O Espelho Nunca Mais Reflete do Mesmo Jeito
- Renata Rocha

- 19 de jul.
- 2 min de leitura
Vez ou outra eu escrevo sobre isso.
Talvez, para quem me acompanha, pareça repetitivo. Talvez você pense que eu estou voltando sempre ao mesmo lugar.
Mas ninguém permanece igual por muito tempo.
Nem mesmo diante da mesma dor.
Há dias em que eu sinto que o meu coração virou pedra.
Não porque deixou de sentir, mas porque aprendeu que sentir também machuca.
É estranho perceber que, em algum momento do caminho, alguma parte de mim ficou para trás.
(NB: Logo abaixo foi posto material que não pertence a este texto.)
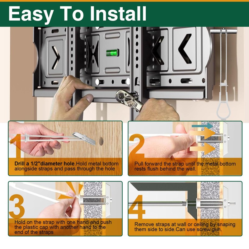 - Quick,No-Twist Installation: Drill a 1/2″ hole (with at least 1-7/8″ clearance behind the wall), slide in the metal channel, pull the straps to lock it in place, and drive in the bolts. A fast, secure, one-person job—just a screw gun needed
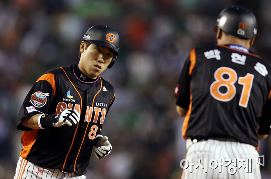 [아시아경제 정재훈 기자] 7일 오후 서울 잠실야구장에서 열린 '2013 한국야쿠르트 세븐프로야구' LG 트윈스와 롯데 자이언츠의 경기. 5회초 2사 무주자 상황 전준우가 좌중간 솔로홈런을 쳐낸 뒤 그라운드를 돌고 있다.정재훈 기자 roze@<ⓒ세계를 보는 창 경제를 보는 눈, 아시아경제(www.asiae.co.kr) 무단전재 배포금지>
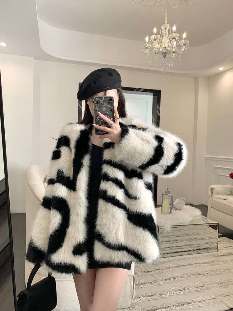 【送料無料】レディース エブラ柄 ラウンドネック ファー コート アウター ジャケット こもこも ふわふわ バイカラー 大人可愛い ママコーデ ママファッション 韓国系 オルチャン 人気 トレンド 新作 20代 30代 40代 きれいめ レトロ シンプル お出かけ デート おしゃれ 通勤 通学 オフィス OL デイリー 普段着 ラフ カジュアル フェミニン シック ゆったり 体型カバー 着痩せ 着回し インスタ映え 春 秋 冬 CO4636
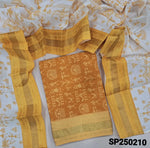 Dark blue warli printed pure soft cotton unstitched salwar material(lining needed)wari printed pure cotton bottom, warli printed pure cotton dupatta with zari woven borders. CODE SP250209
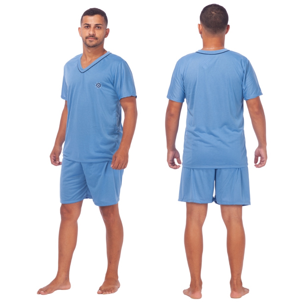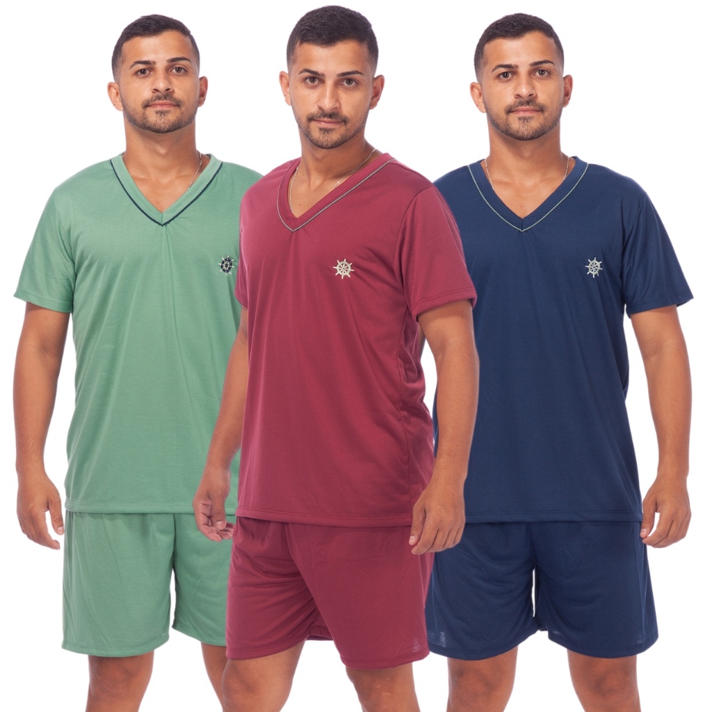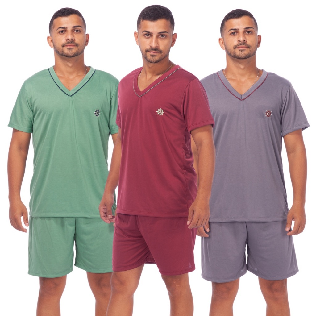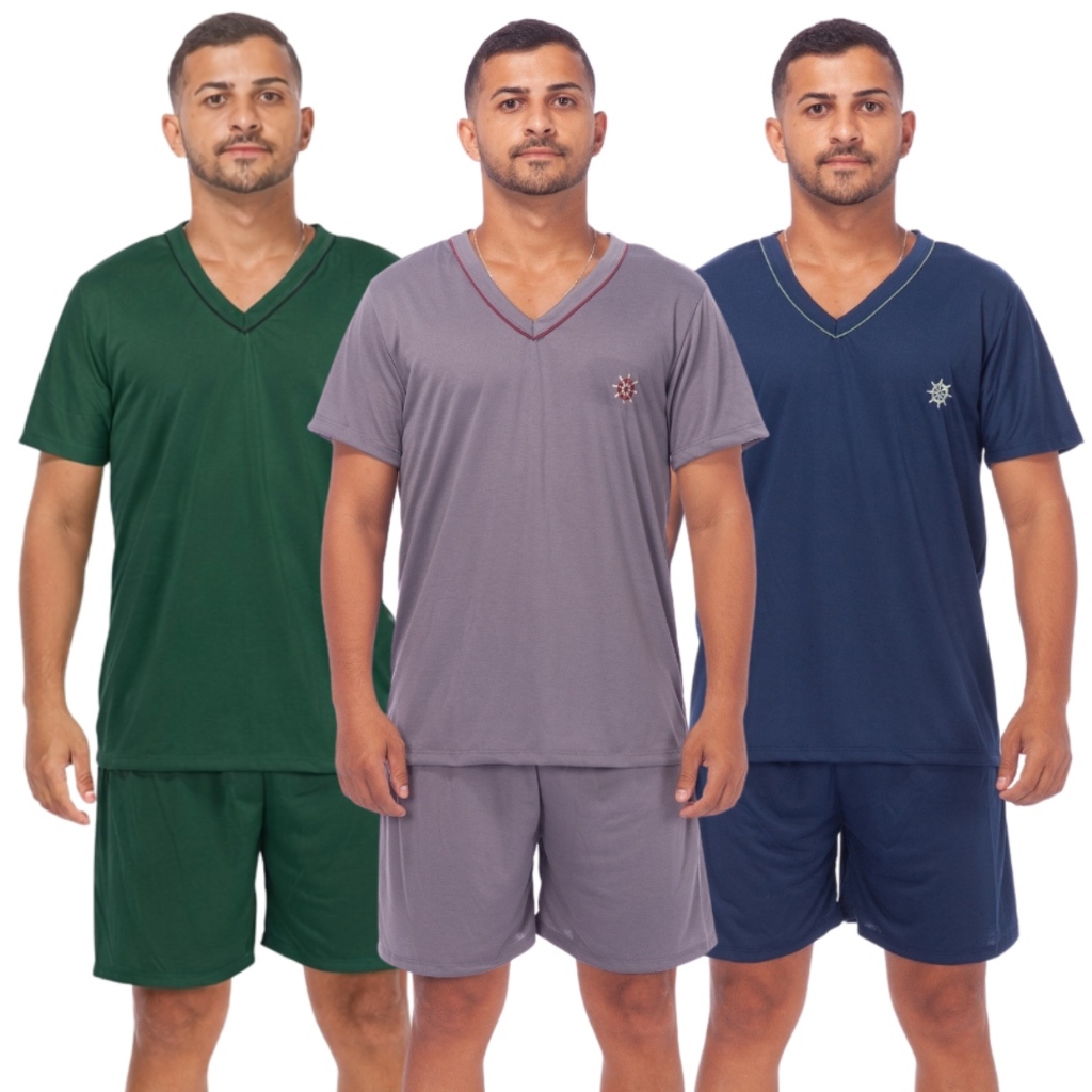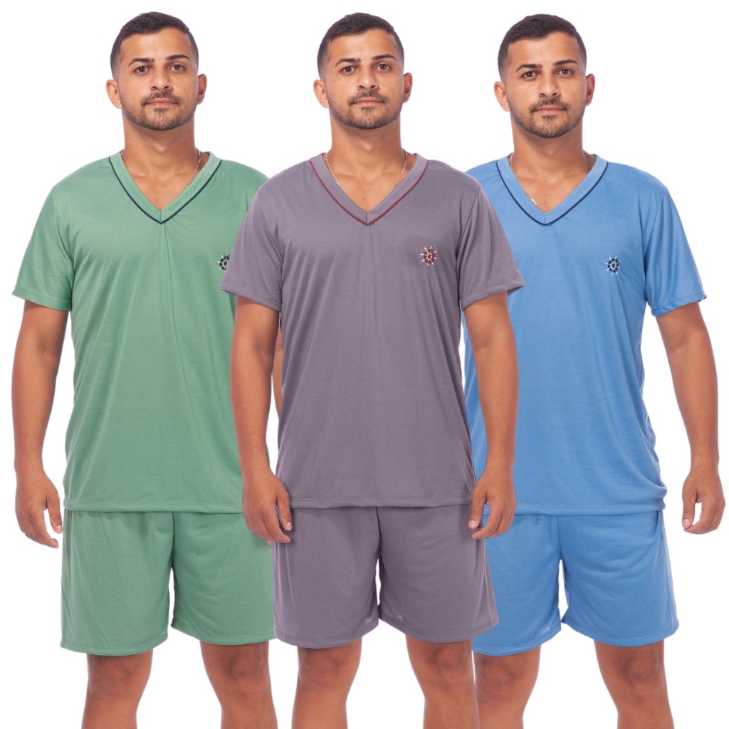 Kit 3 Pijamas Masculino Liso Short Curto Manga Curta Confortável Promoção
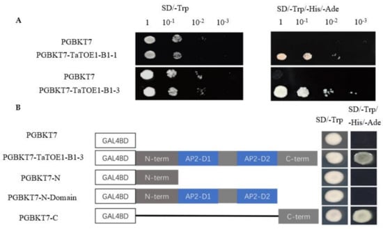 2.5. TaTOE1-B1-1 and TaTOE1-B1-3 Are Localized in the Nucleus and Have Transcriptional Activation Activity
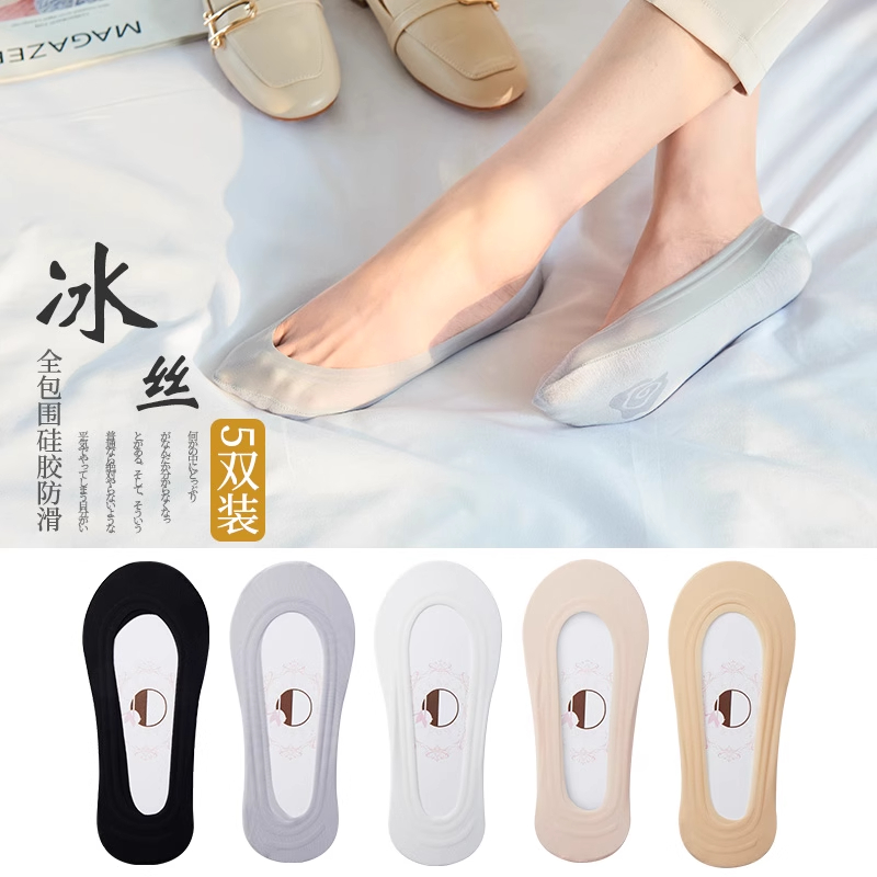 浅口隐形硅胶防滑不掉跟纯棉袜子女短袜潮 薄款 大码 冰丝船袜女夏季
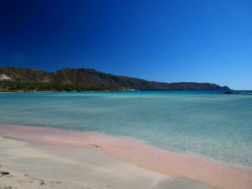 La plage rose de Elafonisi est l’une des plus connues de Crète et elle se trouve à environs 90 minutes de route (sinueuse) depuis Sougia – une distance qui n’est pas si longue que ça pour le sud de la Crète où tout est assez éloigné ! On a décidé de visiter la plage sur notre chemin entre Balos et Sougia, mais ça peut également faire une excursion d’une journée facile.
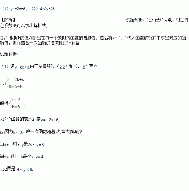 一次函数的图像经过点(2,2)和(-1,8).试求:
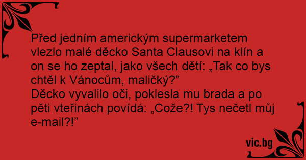 Před jedním americkým supermarketem vlezlo malé děcko Santa Clausovi na klín a on se hо zeptal, jako všech dětí: „Tak co bys chtěl k Vánocům, maličký?”
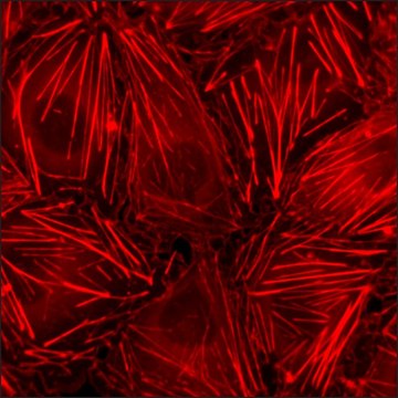 This product is a human U2OS cell line in which the genomic ACTB gene has been endogenously tagged with a Red Fluorescent Protein (RFP) gene using CompoZr® Zinc Finger Nuclease technology. Integration resulted in endogenous expression of the fusion protein in which RFP is attached to the N-terminus of actin. Fluorescence imaging shows that the actin can polymerize to form the characteristic pattern of actin filaments. Addition of Cytochalasin B to the cell line causes the expected shortening of actin filaments. This stable cell line was expanded from a single clone. The target′s gene regulation and corresponding protein function are preserved in contrast to cell lines with overexpression via an exogenous promoter.
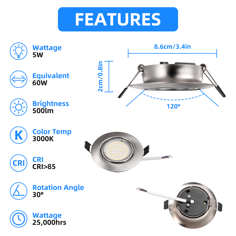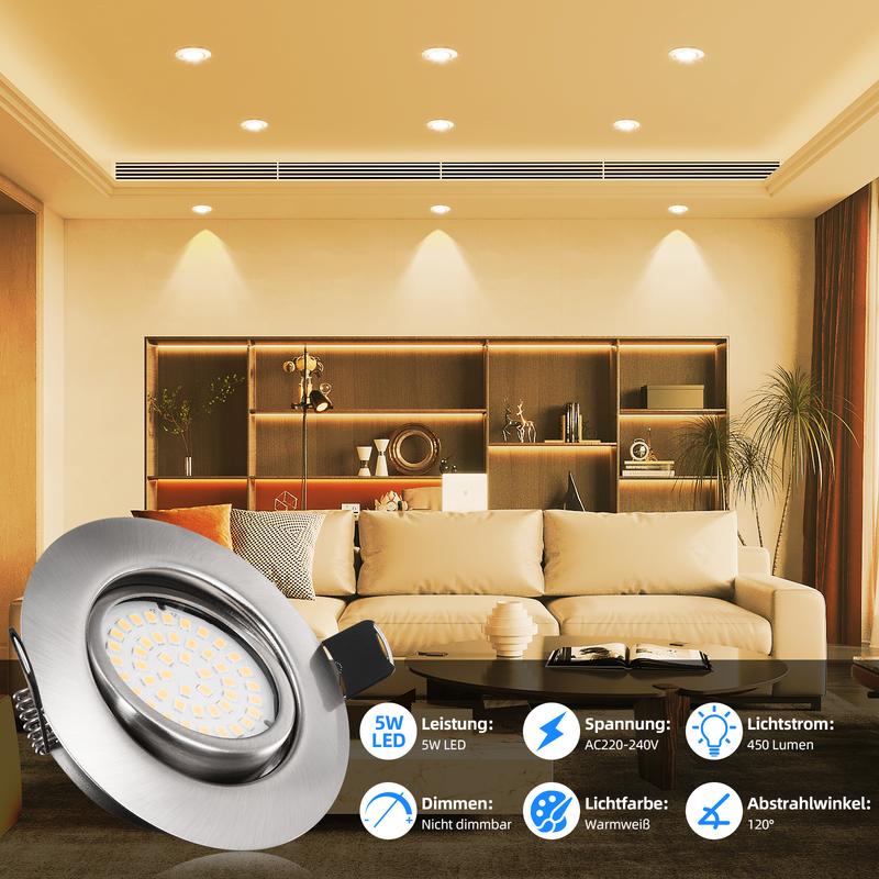 • ☀【Humanisiertes Design】 LED-Einbauleuchte Flexibel einstellbarer Lichtwinkel, 15 Grad links, 15 Grad rechts. Erleichtert die Erzeugung einer lokalen Beleuchtung und erfüllt den Effekt einer Beleuchtung mit mehreren Winkeln. Geeignet für mehrere Anwendungen.
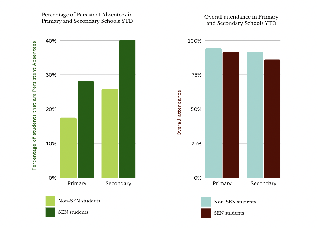 The same can be said about overall attendance of SEN students vs. non-SEN students:
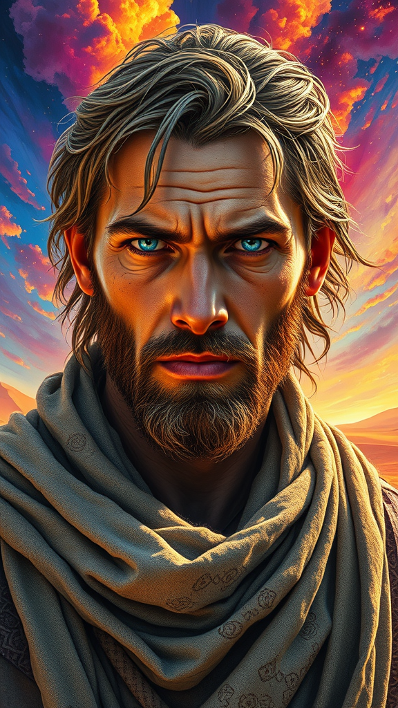 A central portrait of a rugged male Dune character with striking blue eyes and weathered skin, showing a hint of stern determination. Clad in tattered desert attire, the fabric appears to ripple with invisible desert breezes. The background is infused with a vivid array of psychedelic hues, creating a fantastical, ever-changing sky. Intricate patterns adorn his garments, while shimmering sand particles cling to his skin. Minute reflections in his eyes enhance the painting's impact. The scene exudes a surreal, dreamlike mood, capturing the Dune universe's mysterious essence. An atmosphere of quiet strength and tension echoes the character's journey. The painting draws inspiration from Conrad Roset, Greg Rutkowski, and Makoto Shinkai, blending Roset's vibrant colors and fluid lines, Rutkowski's expert lighting and detail, and Shinkai's epic scope and drama to encapsulate the character's essence in a uniquely beautiful, surreal style.
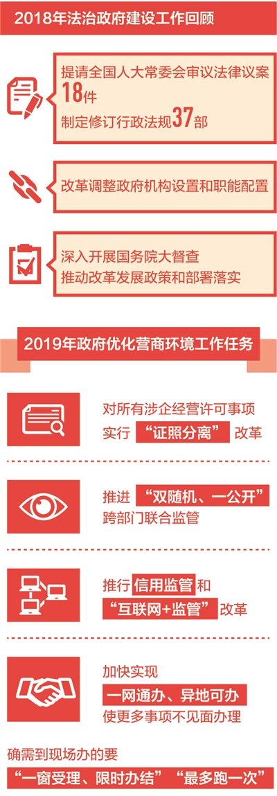 報(bào)告:推進(jìn)法治政府建設(shè)和治理創(chuàng)新,保持社會(huì)和諧穩(wěn)定。提請(qǐng)全國人大常委會(huì)審議法律議案18件,制定修訂行政法規(guī)37部。改革調(diào)整政府機(jī)構(gòu)設(shè)置和職能配置。深入開展國務(wù)院大督查,推動(dòng)改革發(fā)展政策和部署落實(shí)。發(fā)揮審計(jì)監(jiān)督作用。改革完善城鄉(xiāng)基層治理。創(chuàng)新信訪工作方式。

Como se eu tivesse seguido em frente carregando apenas o suficiente para continuar existindo.
E existe uma diferença enorme entre existir e estar inteiro.
Hoje eu não confio plenamente nas pessoas.
Não deixo que elas se aproximem com facilidade.
Não porque eu ache que todo mundo vai me machucar.
Mas porque eu descobri que quem conhece as nossas fragilidades também conhece o lugar exato onde dói.
E esse conhecimento, quando usado como arma, deixa marcas difíceis de apagar.
Por isso, muitas vezes, eu vou embora antes.
Prefiro ser eu quem fecha a porta.
Prefiro virar as costas antes que alguém faça isso comigo.
É uma tentativa ingênua de acreditar que, se eu escolher a despedida, ela vai doer menos.
Nunca dói.
Tem coisas dentro da gente que quebram como um grande espelho pendurado na parede de uma sala.
Quando ele cai, o primeiro impulso é perguntar como aconteceu.
Depois vem o silêncio.
Porque não importa o cuidado que você tenha, um espelho partido nunca volta a ser o mesmo.
A gente até tenta.
Recolhe os pedaços com todo o cuidado do mundo.
Guarda alguns.
Transforma outros em decoração.
Diz para si mesmo que agora eles têm uma nova utilidade, uma nova beleza.
Mas a verdade é que nenhum daqueles cacos voltou a refletir como antes.
Cada pedaço mostra apenas um fragmento.
Um olho.
Uma mão.
Metade de um sorriso.
Nunca a pessoa inteira.
Às vezes acho que foi isso que aconteceu comigo.
Eu ainda existo.
Mas me vejo em partes.
Um pedaço aprendeu a desconfiar.
Outro prefere o silêncio.
Outro se acostumou tanto com a solidão que já nem sabe distinguir paz de isolamento.
Talvez sejam os traumas.
Talvez os medos.
Talvez as inseguranças que a gente passa tanto tempo escondendo que acabam acreditando que pertencem à nossa personalidade.
Eu não sei.
E, para ser sincera, nem sempre quero explicar.
Existem dores que a gente não conta porque faltam palavras.
Outras, porque faltam coragem.
E algumas porque, depois de tanto tempo, a gente já nem sabe onde elas começaram.
Só sei que ainda procuro o meu reflexo.
Na esperança de que, um dia, entre tantos pedaços espalhados dentro de mim, eu consiga me reconhecer outra vez.